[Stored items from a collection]
"""
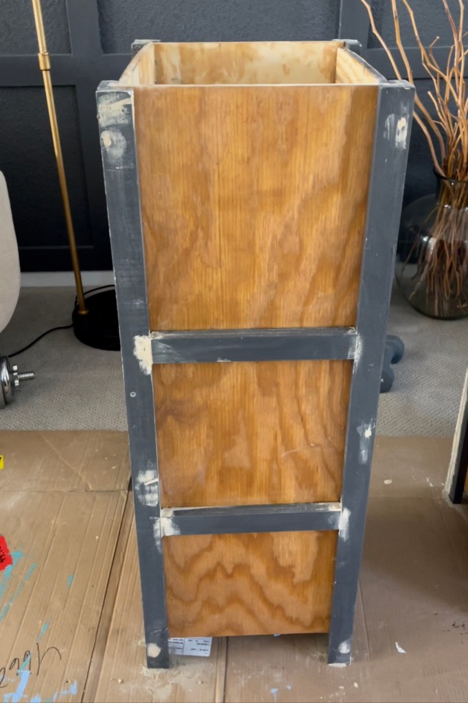 I filled in the small gaps in the joints where the wood pieces met with wood filler. I let dry and sanded the excess with a small sanding block. Then I touched up the paint to create a more seamless look.
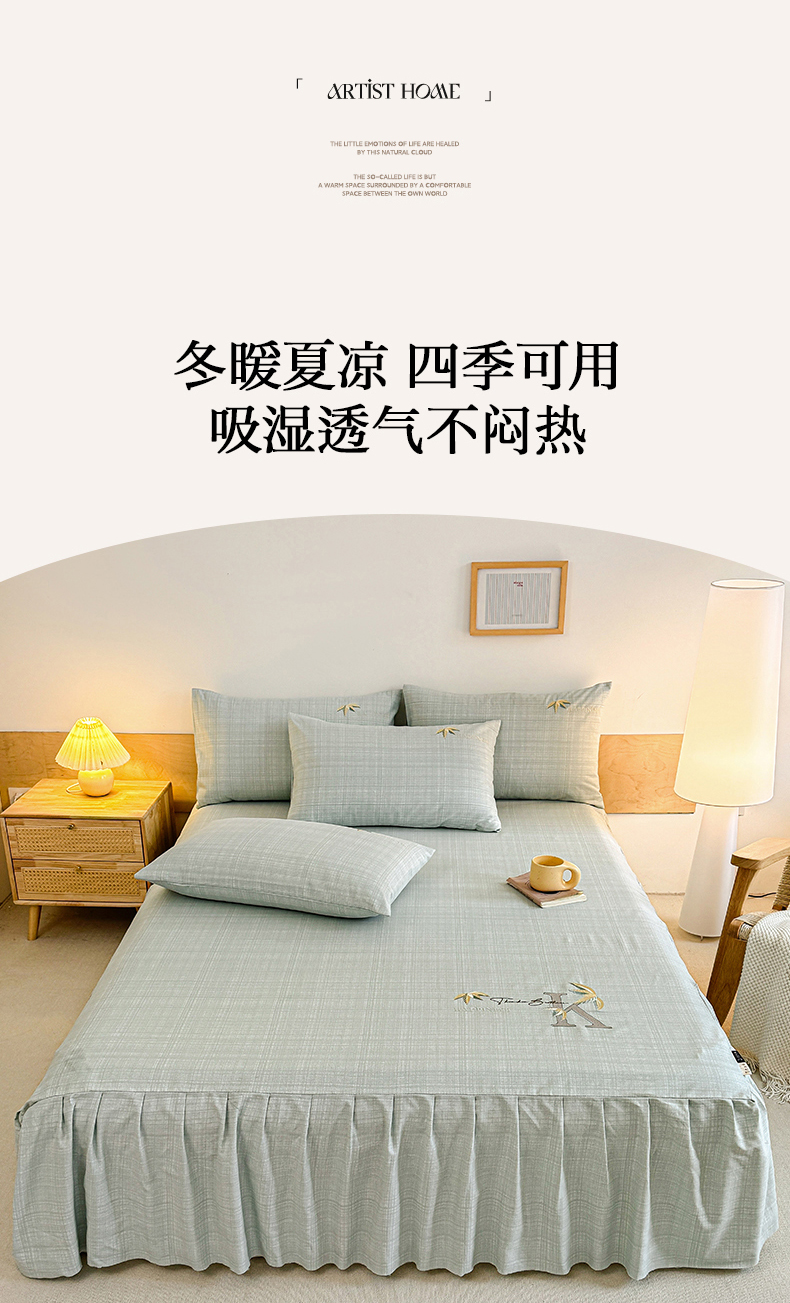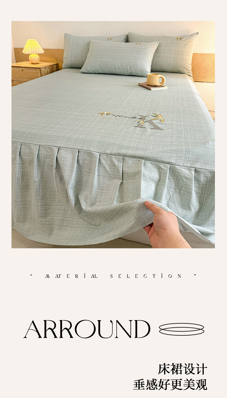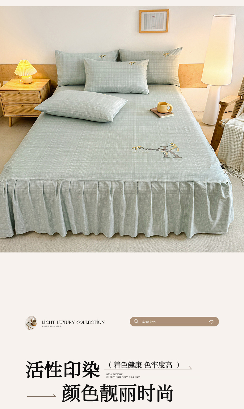 (总)布柔 2025新款加厚刺绣花边夹棉牛奶绒床裙款床笠,麦穗绿,麦穗湖蓝,麦穗灰,麦穗天蓝,麦穗粉
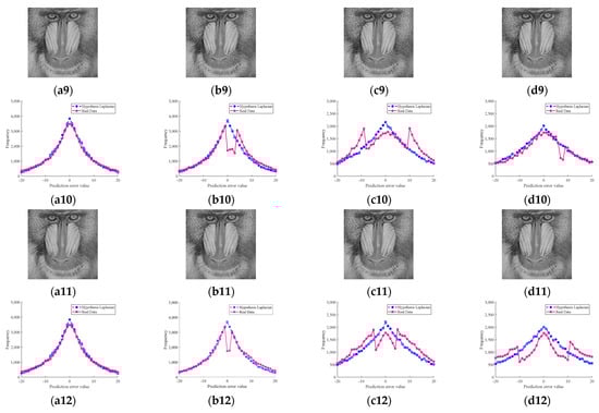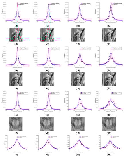 As can be seen from Figure 11, the blue line shows the hypothesis Laplacian model. The prediction error histogram of the original image is smooth, and the distribution of the prediction error can be well-fitted with Laplacian model. However, the prediction error histograms of the traditional HS algorithm and the skipping HS algorithm become more irregular, with greatly deviation from the hypothesis Laplacian model. At low embedding rates, the histograms can barely maintain a shape similar to the original histogram. However, at higher embedding rates, the middle of the histogram, which should exhibit an obvious peak, becomes a large area of flatness (‘flat ground’). The embedding traces can be obviously identified, so it is difficult to ensure the security of the data hidden in the image. Instead, the prediction error histogram of our proposed trace concealment algorithm is relatively smooth, which resembles the original histogram. Even though the prediction error histogram inevitably becomes flatter after data embedding, it still preserves the bell-shape resembling the Laplacian distribution, thus achieving the purpose of concealing the embedding traces. The trace concealment effect in Baboon is not as good as that in Lena because the number of adjacent prediction errors in the prediction error histograms for such complex textured images is not much different; thus, it is more difficult to keep the histogram smooth after hiding data, but the proposed trace concealment algorithm is relatively better than the other two algorithms.
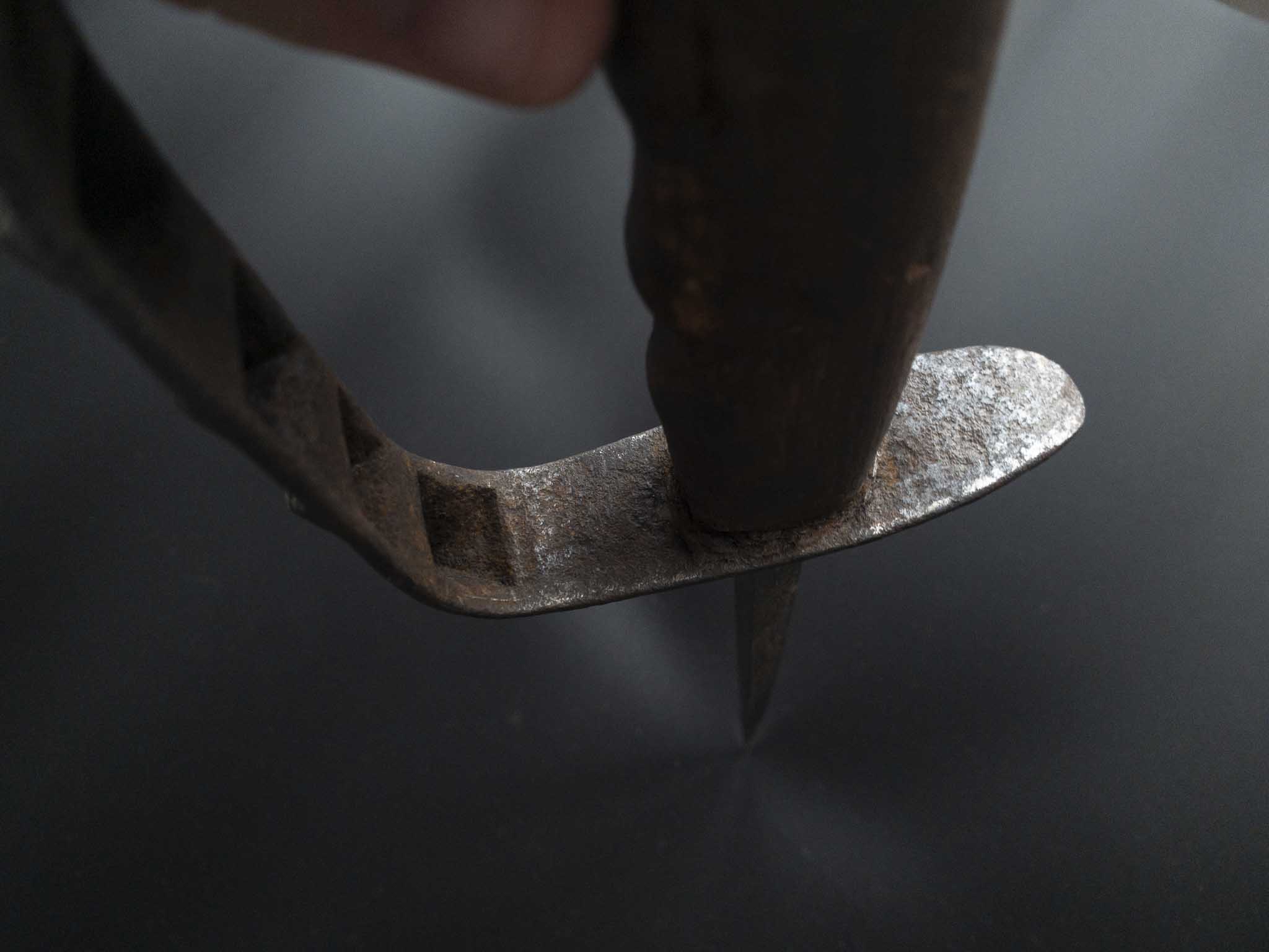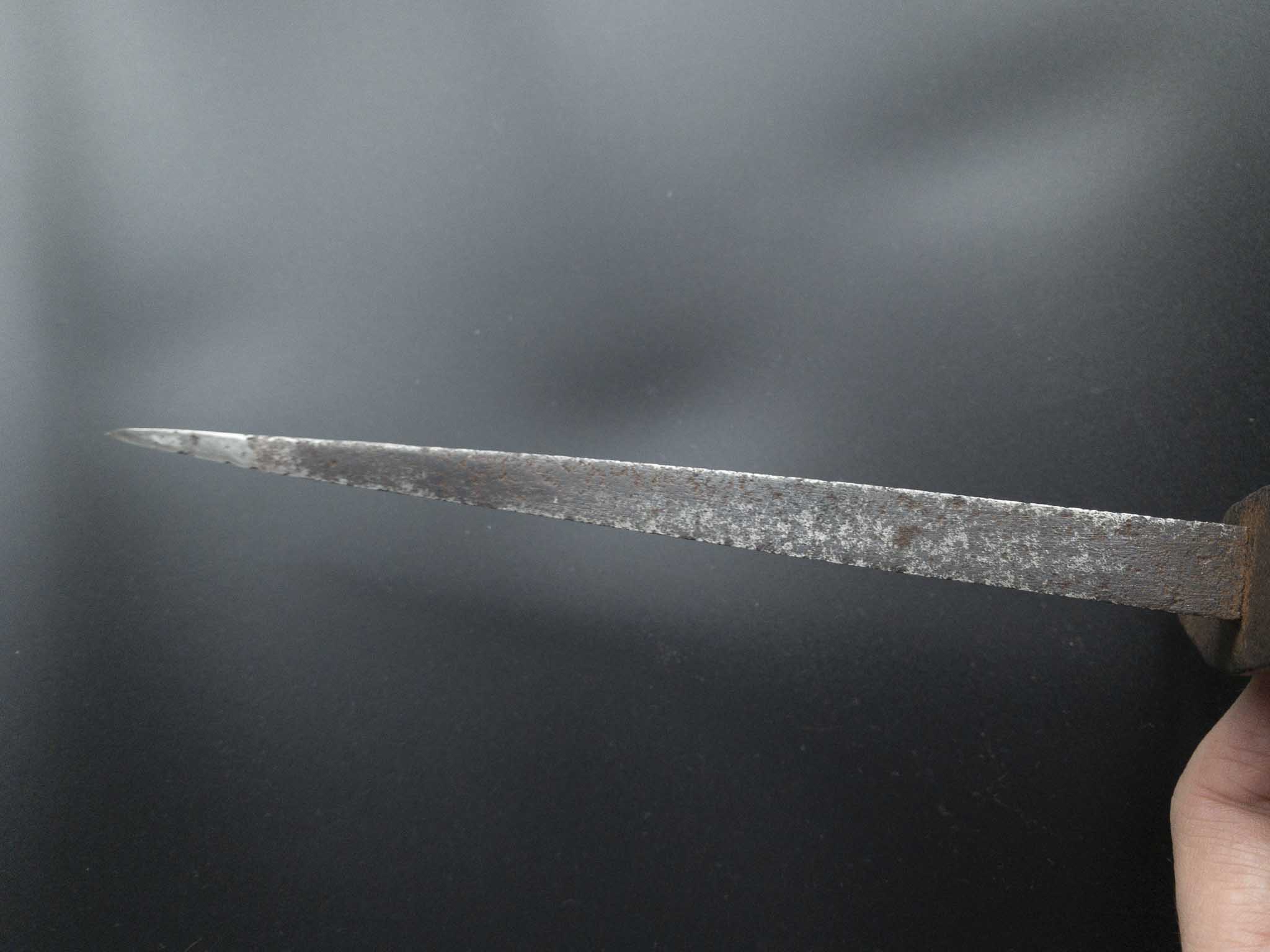 Клинок трехгранный, равномерно заостренный, сужающийся.
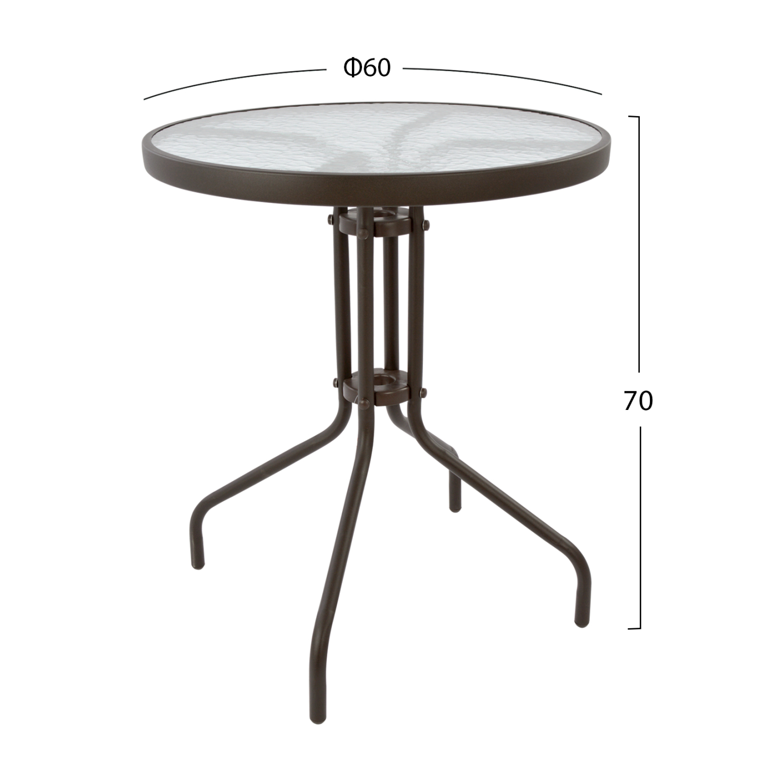 Ένα τραπέζι μεταλλικό εξωτερικού χώρου σε χρώμα καφέ , με ενσωματωμένο τζαμί ασφάλειας (secure).
"""
● Directions for this task: Give back all the records as they stand, but with no pictures in the copy.

● Answer to this task:
 I filled in the small gaps in the joints where the wood pieces met with wood filler. I let dry and sanded the excess with a small sanding block. Then I touched up the paint to create a more seamless look.
 (总)布柔 2025新款加厚刺绣花边夹棉牛奶绒床裙款床笠,麦穗绿,麦穗湖蓝,麦穗灰,麦穗天蓝,麦穗粉
 As can be seen from Figure 11, the blue line shows the hypothesis Laplacian model. The prediction error histogram of the original image is smooth, and the distribution of the prediction error can be well-fitted with Laplacian model. However, the prediction error histograms of the traditional HS algorithm and the skipping HS algorithm become more irregular, with greatly deviation from the hypothesis Laplacian model. At low embedding rates, the histograms can barely maintain a shape similar to the original histogram. However, at higher embedding rates, the middle of the histogram, which should exhibit an obvious peak, becomes a large area of flatness (‘flat ground’). The embedding traces can be obviously identified, so it is difficult to ensure the security of the data hidden in the image. Instead, the prediction error histogram of our proposed trace concealment algorithm is relatively smooth, which resembles the original histogram. Even though the prediction error histogram inevitably becomes flatter after data embedding, it still preserves the bell-shape resembling the Laplacian distribution, thus achieving the purpose of concealing the embedding traces. The trace concealment effect in Baboon is not as good as that in Lena because the number of adjacent prediction errors in the prediction error histograms for such complex textured images is not much different; thus, it is more difficult to keep the histogram smooth after hiding data, but the proposed trace concealment algorithm is relatively better than the other two algorithms.
 Клинок трехгранный, равномерно заостренный, сужающийся.
 Ένα τραπέζι μεταλλικό εξωτερικού χώρου σε χρώμα καφέ , με ενσωματωμένο τζαμί ασφάλειας (secure).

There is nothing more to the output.